#### DATASET EXCERPTS

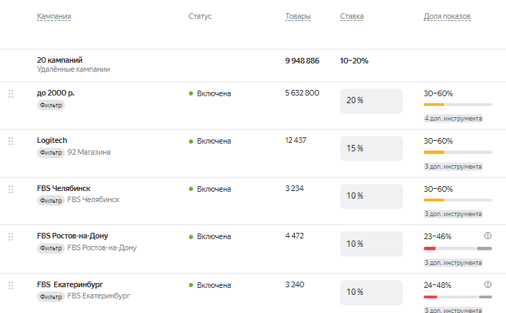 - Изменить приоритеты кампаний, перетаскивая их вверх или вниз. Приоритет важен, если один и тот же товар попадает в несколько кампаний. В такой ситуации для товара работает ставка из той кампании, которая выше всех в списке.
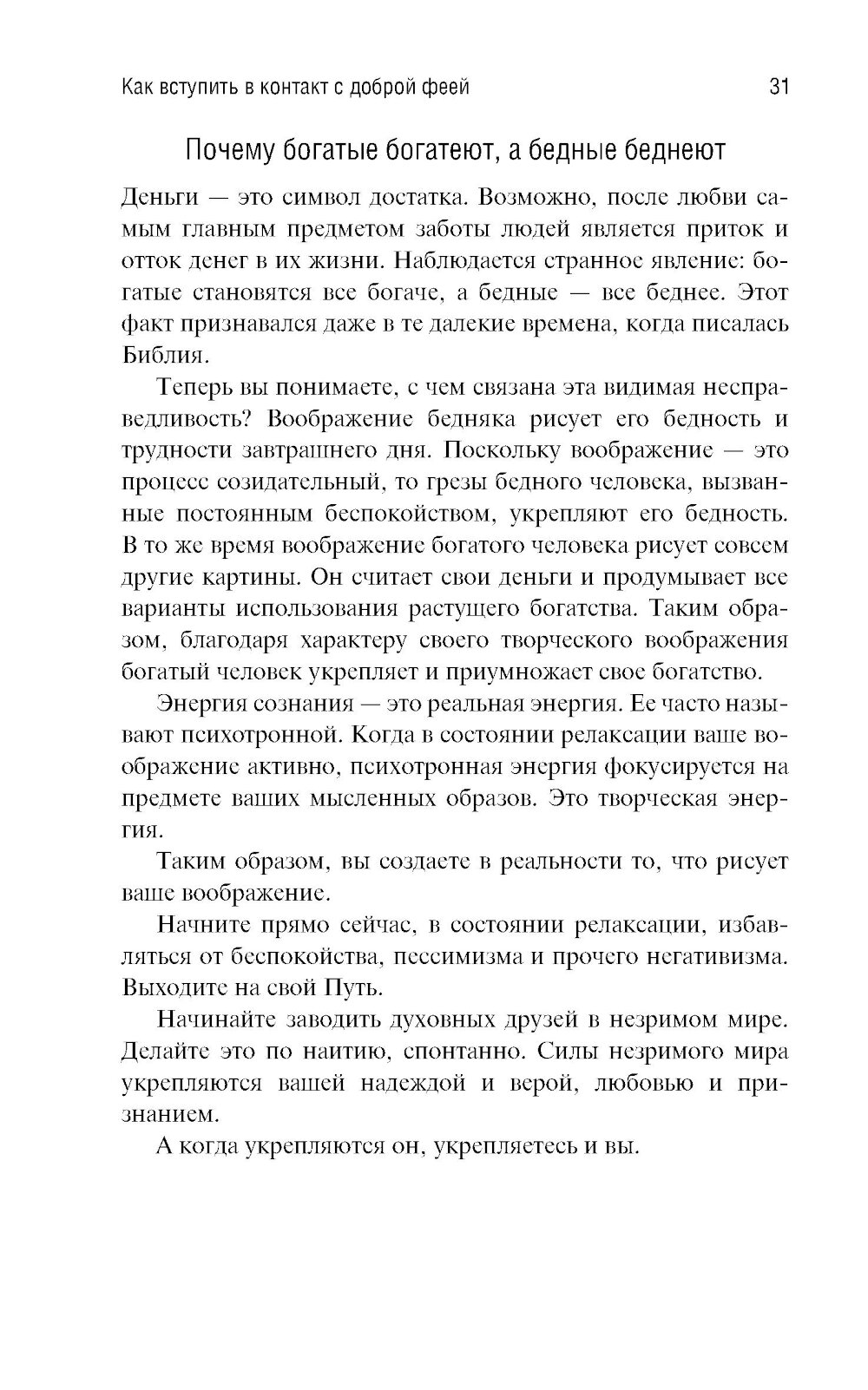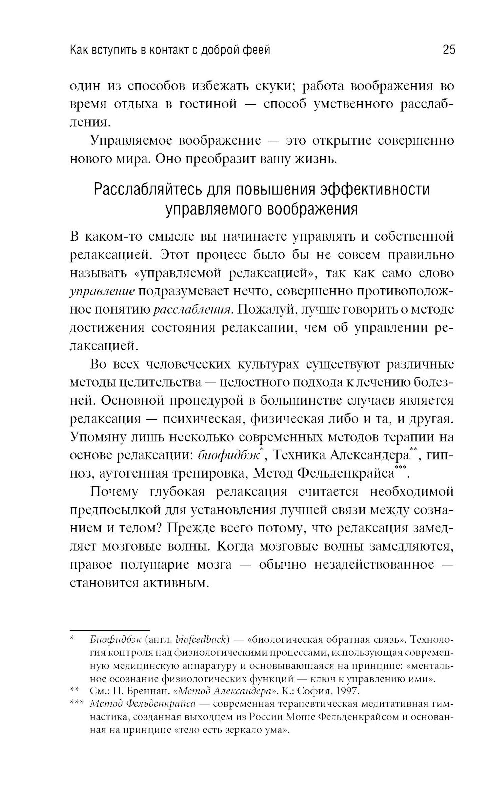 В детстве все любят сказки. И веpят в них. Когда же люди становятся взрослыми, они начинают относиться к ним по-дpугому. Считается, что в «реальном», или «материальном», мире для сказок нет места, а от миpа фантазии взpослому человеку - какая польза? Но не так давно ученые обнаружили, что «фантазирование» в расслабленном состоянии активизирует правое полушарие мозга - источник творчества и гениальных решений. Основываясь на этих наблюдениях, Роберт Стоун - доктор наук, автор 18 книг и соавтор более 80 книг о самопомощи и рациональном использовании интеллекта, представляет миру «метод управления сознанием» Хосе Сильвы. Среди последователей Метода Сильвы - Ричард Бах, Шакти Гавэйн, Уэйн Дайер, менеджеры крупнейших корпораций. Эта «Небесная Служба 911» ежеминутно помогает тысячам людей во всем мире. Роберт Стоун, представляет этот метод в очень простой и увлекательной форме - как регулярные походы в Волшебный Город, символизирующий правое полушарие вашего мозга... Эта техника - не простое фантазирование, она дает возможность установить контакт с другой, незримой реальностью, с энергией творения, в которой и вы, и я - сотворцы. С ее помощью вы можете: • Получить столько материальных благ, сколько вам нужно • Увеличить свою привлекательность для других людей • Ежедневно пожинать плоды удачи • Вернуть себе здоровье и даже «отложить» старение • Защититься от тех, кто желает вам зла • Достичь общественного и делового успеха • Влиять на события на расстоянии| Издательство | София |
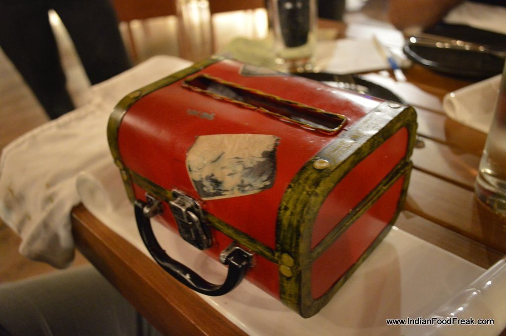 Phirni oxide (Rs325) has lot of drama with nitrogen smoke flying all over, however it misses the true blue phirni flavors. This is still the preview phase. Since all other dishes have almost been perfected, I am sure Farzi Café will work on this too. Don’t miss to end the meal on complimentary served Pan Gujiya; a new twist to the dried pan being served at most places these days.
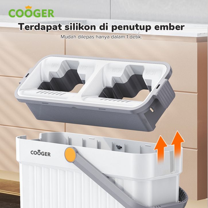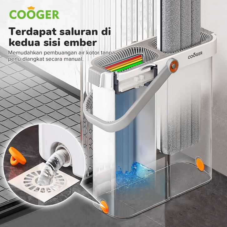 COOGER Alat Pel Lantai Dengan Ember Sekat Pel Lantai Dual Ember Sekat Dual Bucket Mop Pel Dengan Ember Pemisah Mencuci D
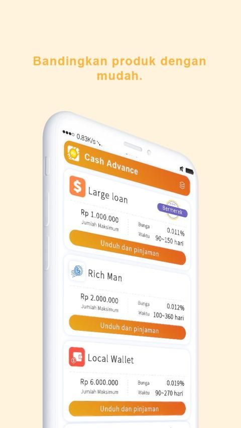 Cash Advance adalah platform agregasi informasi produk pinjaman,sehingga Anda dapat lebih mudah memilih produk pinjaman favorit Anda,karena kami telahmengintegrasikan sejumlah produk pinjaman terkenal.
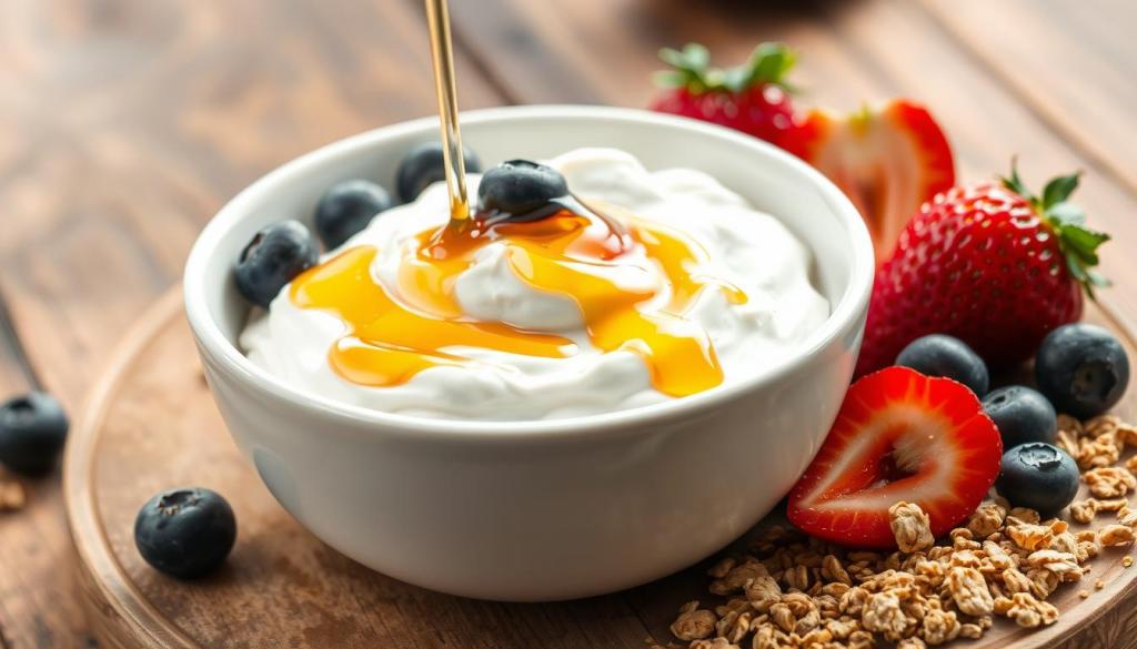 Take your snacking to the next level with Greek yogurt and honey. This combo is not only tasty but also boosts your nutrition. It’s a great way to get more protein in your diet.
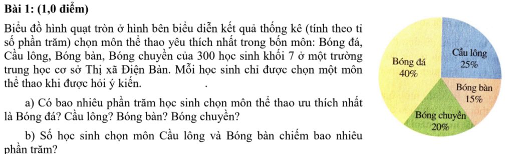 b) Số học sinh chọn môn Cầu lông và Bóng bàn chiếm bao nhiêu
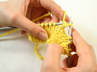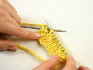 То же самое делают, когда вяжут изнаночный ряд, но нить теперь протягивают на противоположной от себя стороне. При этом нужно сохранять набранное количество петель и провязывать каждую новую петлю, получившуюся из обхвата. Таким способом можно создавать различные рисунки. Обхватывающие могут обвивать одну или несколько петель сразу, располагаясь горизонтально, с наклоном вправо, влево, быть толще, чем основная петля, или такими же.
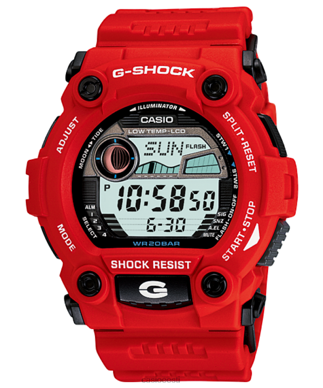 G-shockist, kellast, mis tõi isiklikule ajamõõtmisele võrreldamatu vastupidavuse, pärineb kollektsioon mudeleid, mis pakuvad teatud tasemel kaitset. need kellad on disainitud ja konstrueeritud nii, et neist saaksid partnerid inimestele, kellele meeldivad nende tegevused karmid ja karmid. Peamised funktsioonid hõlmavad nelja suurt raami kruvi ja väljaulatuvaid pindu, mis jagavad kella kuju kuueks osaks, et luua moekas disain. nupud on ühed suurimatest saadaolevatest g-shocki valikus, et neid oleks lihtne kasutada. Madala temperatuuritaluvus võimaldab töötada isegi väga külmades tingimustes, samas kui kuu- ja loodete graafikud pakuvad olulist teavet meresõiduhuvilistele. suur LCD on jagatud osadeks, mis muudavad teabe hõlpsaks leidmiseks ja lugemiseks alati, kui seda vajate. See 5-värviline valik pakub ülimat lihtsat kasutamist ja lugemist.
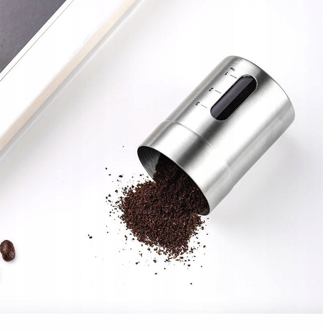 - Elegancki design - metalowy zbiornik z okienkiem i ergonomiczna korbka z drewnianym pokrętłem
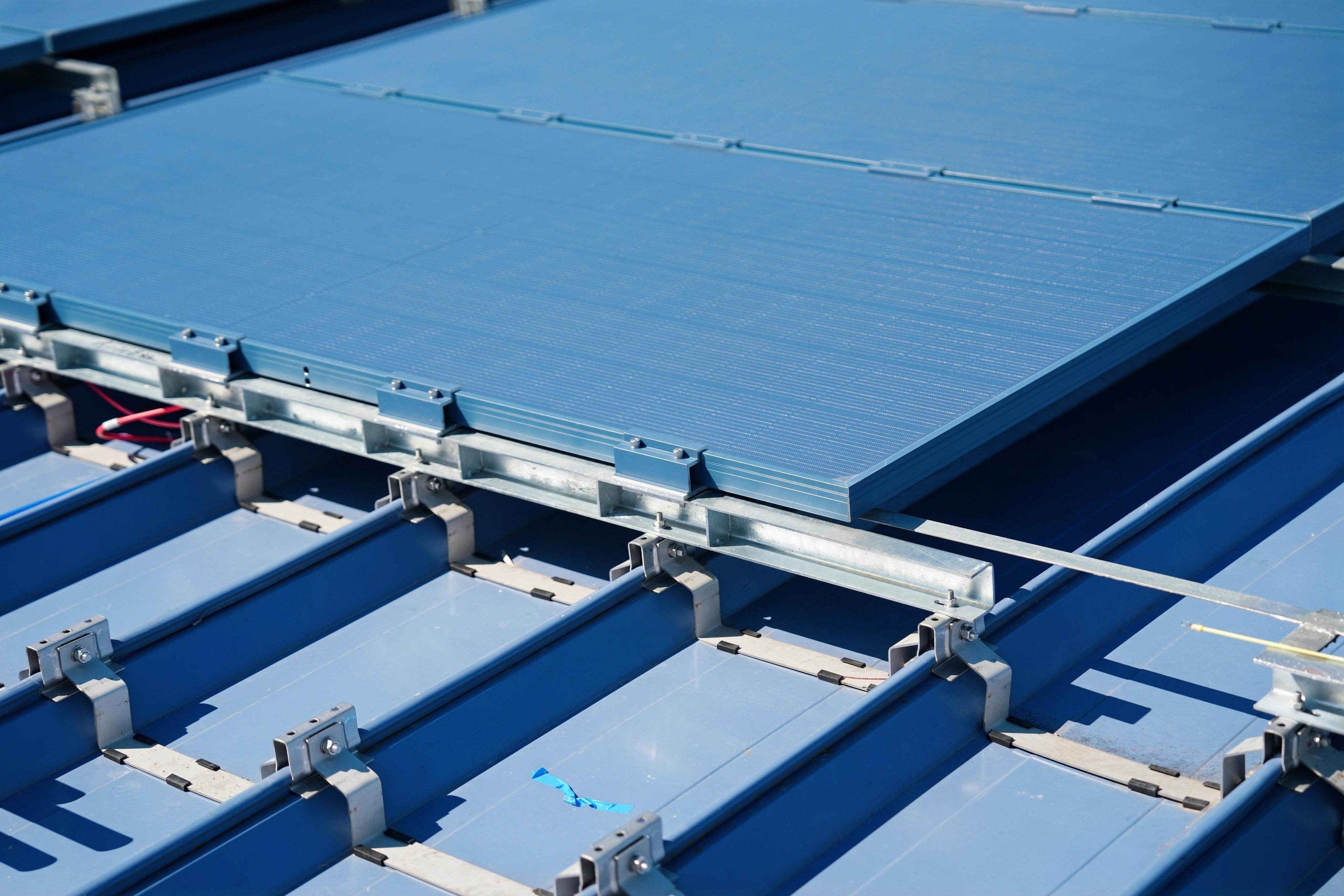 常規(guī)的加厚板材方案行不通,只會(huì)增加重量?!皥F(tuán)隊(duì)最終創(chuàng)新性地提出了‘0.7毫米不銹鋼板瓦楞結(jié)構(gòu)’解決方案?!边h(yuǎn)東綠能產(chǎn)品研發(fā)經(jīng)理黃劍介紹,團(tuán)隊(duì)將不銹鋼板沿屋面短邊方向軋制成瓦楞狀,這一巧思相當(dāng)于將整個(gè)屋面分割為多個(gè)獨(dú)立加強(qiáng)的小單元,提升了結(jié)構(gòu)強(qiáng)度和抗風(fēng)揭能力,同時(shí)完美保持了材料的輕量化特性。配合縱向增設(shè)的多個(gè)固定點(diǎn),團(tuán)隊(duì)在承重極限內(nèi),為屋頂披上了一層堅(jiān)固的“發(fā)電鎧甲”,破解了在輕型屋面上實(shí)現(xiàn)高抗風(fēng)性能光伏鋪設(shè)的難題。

########

◆ ASSIGNMENT: Which part of the entries opens with the line containing "COOGER Alat Pel" and closes with the line containing "То же самое"? Output that part exactly, ends included, pictures excluded.

◆ RESPONSE BOX:
 COOGER Alat Pel Lantai Dengan Ember Sekat Pel Lantai Dual Ember Sekat Dual Bucket Mop Pel Dengan Ember Pemisah Mencuci D
 Cash Advance adalah platform agregasi informasi produk pinjaman,sehingga Anda dapat lebih mudah memilih produk pinjaman favorit Anda,karena kami telahmengintegrasikan sejumlah produk pinjaman terkenal.
 Take your snacking to the next level with Greek yogurt and honey. This combo is not only tasty but also boosts your nutrition. It’s a great way to get more protein in your diet.
 b) Số học sinh chọn môn Cầu lông và Bóng bàn chiếm bao nhiêu
 То же самое делают, когда вяжут изнаночный ряд, но нить теперь протягивают на противоположной от себя стороне. При этом нужно сохранять набранное количество петель и провязывать каждую новую петлю, получившуюся из обхвата. Таким способом можно создавать различные рисунки. Обхватывающие могут обвивать одну или несколько петель сразу, располагаясь горизонтально, с наклоном вправо, влево, быть толще, чем основная петля, или такими же.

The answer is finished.